Five years later Nokia launched the Mobira Cityman, the first mobile phone that would run on the company’s NMT network. At 800 grams and priced at $6,308, it may be heavy and pricey by today’s standards, but the device soon hit cult status when Mikhail Gorbachev was photographed using the device.

The ’90s

The ’90s were the glory years for the Finnish company. In 1994, Nokia launched 2100 with the now iconic Nokia ringtone.
Three years later it launched Snake, one of the most widely recognised mobile games of all time. In 1997, Nokia also launched the Communicator, which 11 years before the first iPhone was considered to be much ahead of its time. The device not only looked cool but also offered features like email, fax, calendar and a massive display.

The same year, Nokia also launched the 6110 and the 5110 two more devices, which were way ahead of their time and competition. These devices offered a much sleeker way of text messaging, a beautiful menu system customization options like multiple colour snap-on covers. These devices were followed by the 7110, which offered basic web functions, the 7650, with a built-in camera and the 6650, the company’s first 3G enabled smartphone.

By 1998, Nokia had firmly established itself as the global leader. Where its rivals like Apple, Sony and Siemens had failed to predict the global demand, Nokia sailed through these years with a turnover that increased 500 percent from $ 8.9 billion to $42.8 billion.

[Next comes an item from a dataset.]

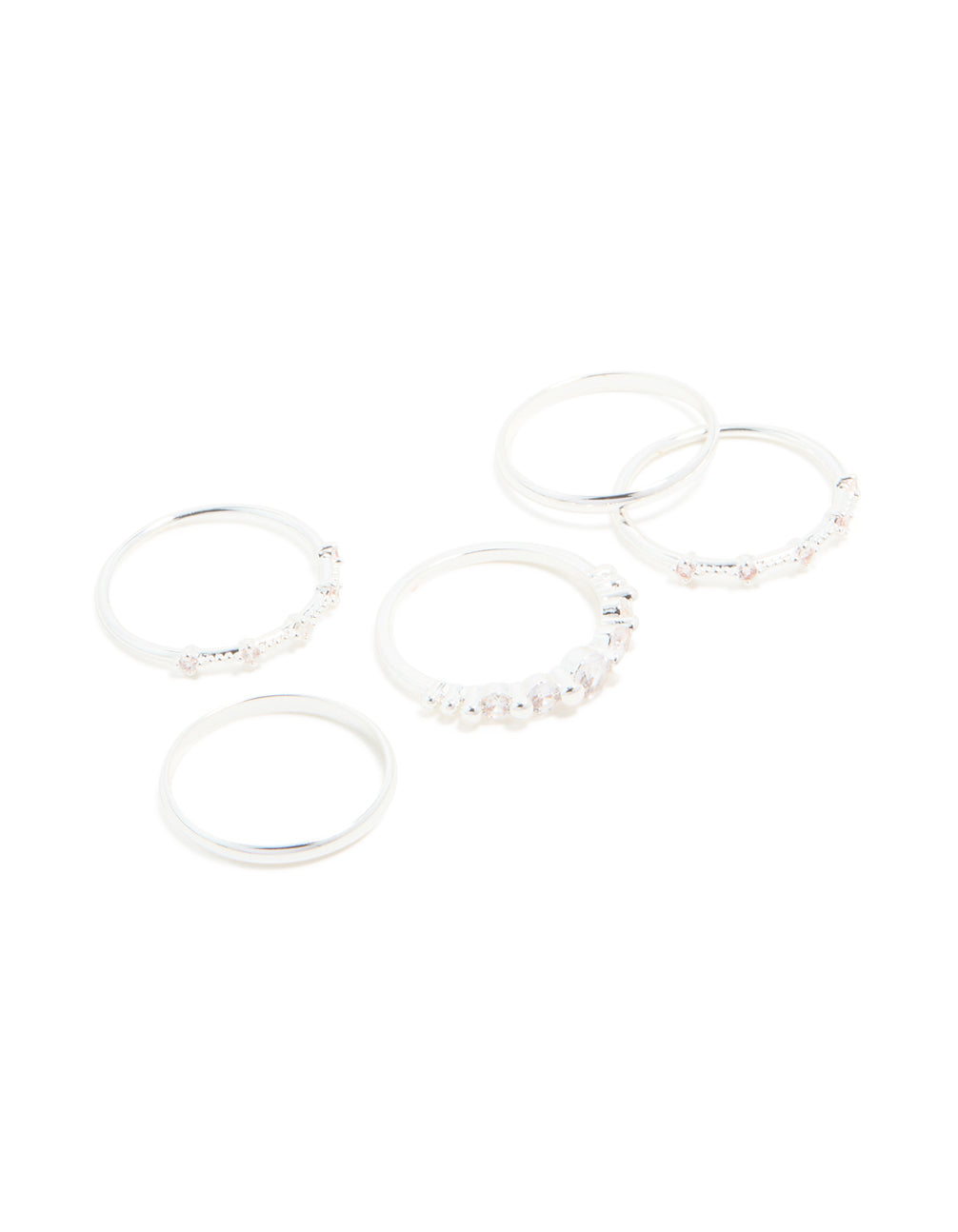 Elevate your accessory game with this Silver Plated Dainty Cubic Zirconia Stacking Rings Pack. This versatile jewellery set includes five stunning rings: two sleek, smooth bands, a playful silver ball ring with pink cubic zirconia crystals, and two chic bands featuring five pink cubic zirconia crystals spaced elegantly across. Perfect for stacking or wearing solo, these silver-plated beauties add a touch of shimmer to any outfit. Whether you're dressing up for a night out or keeping it casual with your favourite jeans and tee, these rings are the perfect finishing touch. Lightweight and stylish, they’re ideal for everyday wear or special occasions. Mix, match, and stack to create your own unique look!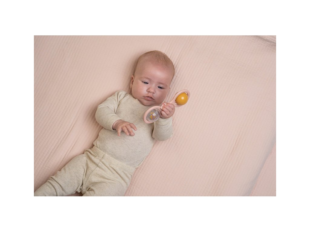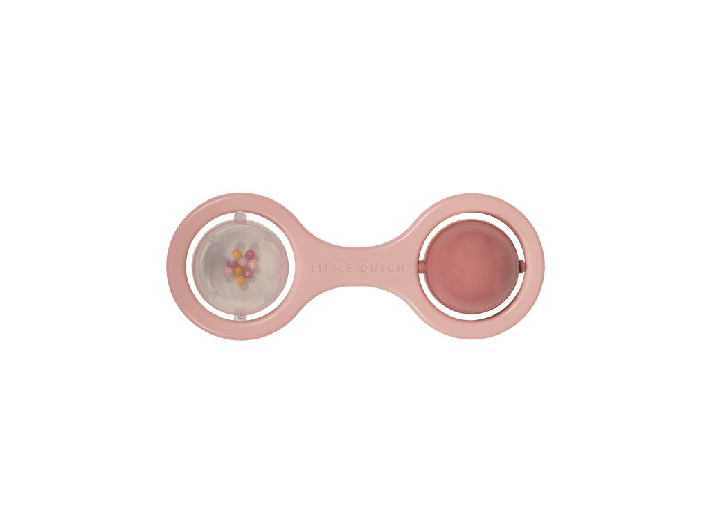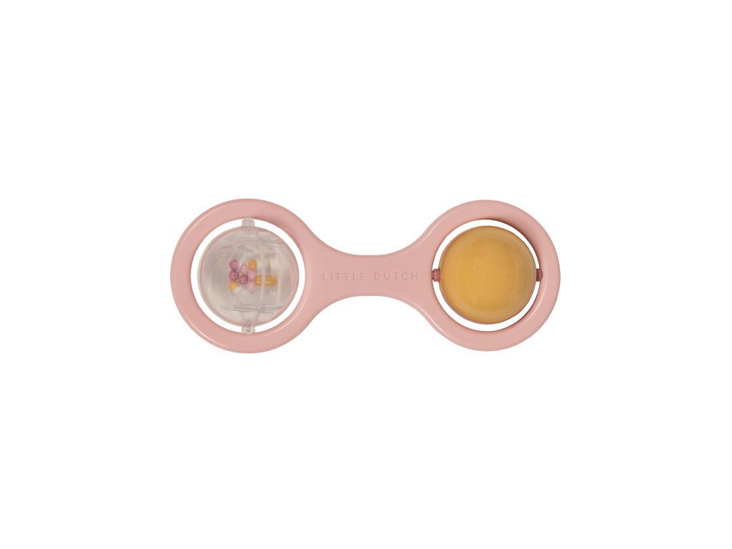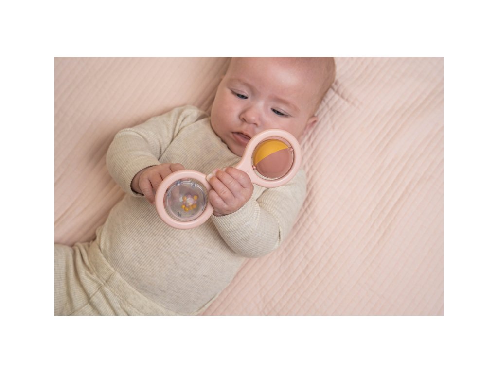 Chrastítko se dvěma otáčejícími se kuličkami je ideální jako první hračka pro vaše miminko. Pozornost dítěte upoutají chrasticí korálky v průhledné kuličce i střídající se barvy při otáčení dvoubarevné kuličky. Chrastítko má tvar pro snadné uchopení malými dětskými ručičkami. Rozměry: 14,5 x 5,5 x 4 cm Vhodné pro děti od narození.

After the glorious 90s, in 2007 things began to go downhill — and rapidly. In the year 2009, Nokia posted its first quarterly loss in more than a decade. This was largely due to HTC developing a smartphone running on the yet new Google Android operating system.
With the iPhones and various Android smartphones taking the market by storm, Nokia failed to keep up with them. Instead of joining the horde of Android adopters, Nokia’s new CEO Stephen Elop joined hands with Microsoft to develop smartphones running on the Windows Phone platform.

The Microsoft acquisition

Microsoft’s acquisition of Nokia’s smartphone business brought an end to an era, which has seen plenty of ups and an equal number of downs.
On September 3, 2013, Nokia announced that its hardware department would be acquired by Microsoft in a deal that was worth $7.2 billion. After eight months, the deal was completed.

Nokia , once the world’s biggest maker of mobile phones, was wrong-footed by the rise of smartphones and eclipsed by Apple and Samsung.
It sold its entire handset business to Microsoft Corp in 2014 and focused on telecoms network equipment.
Microsoft struggled with phones after the 2014 deal with Nokia, and it decided to write off $7.5 billion from the business.

Nokia brand

Nokia, however, held on to its phone patents with a view to eventually striking a licensing deal, though it had to wait due to a non-compete deal with Microsoft.

Recently, HMD, a company backed by one of its former executives teamed up with manufacturer Foxconn (2354.TW) to buy the rights to the brand for mobile devices.

Microsoft also decided to sell its entry-level phones business to HMD and Foxconn subsidiary FIH Mobile for $350 million.

Nokia, whose global market share in handsets peaked at around 40% in 2008, believed that its brand remained widely recognised, especially in developing markets.

Nokia also believed that its brand was strong in the feature phone space. The company now has 1% of the global market share and falls just outside the top 10 phone brands.

The Nokia 1 is accessible technology, delivering smartphone essentials for just R999. The legendary Nokia 8110 is a 4G feature phone that comes with the iconic curved slider design. It will be available for purchase from May 2018.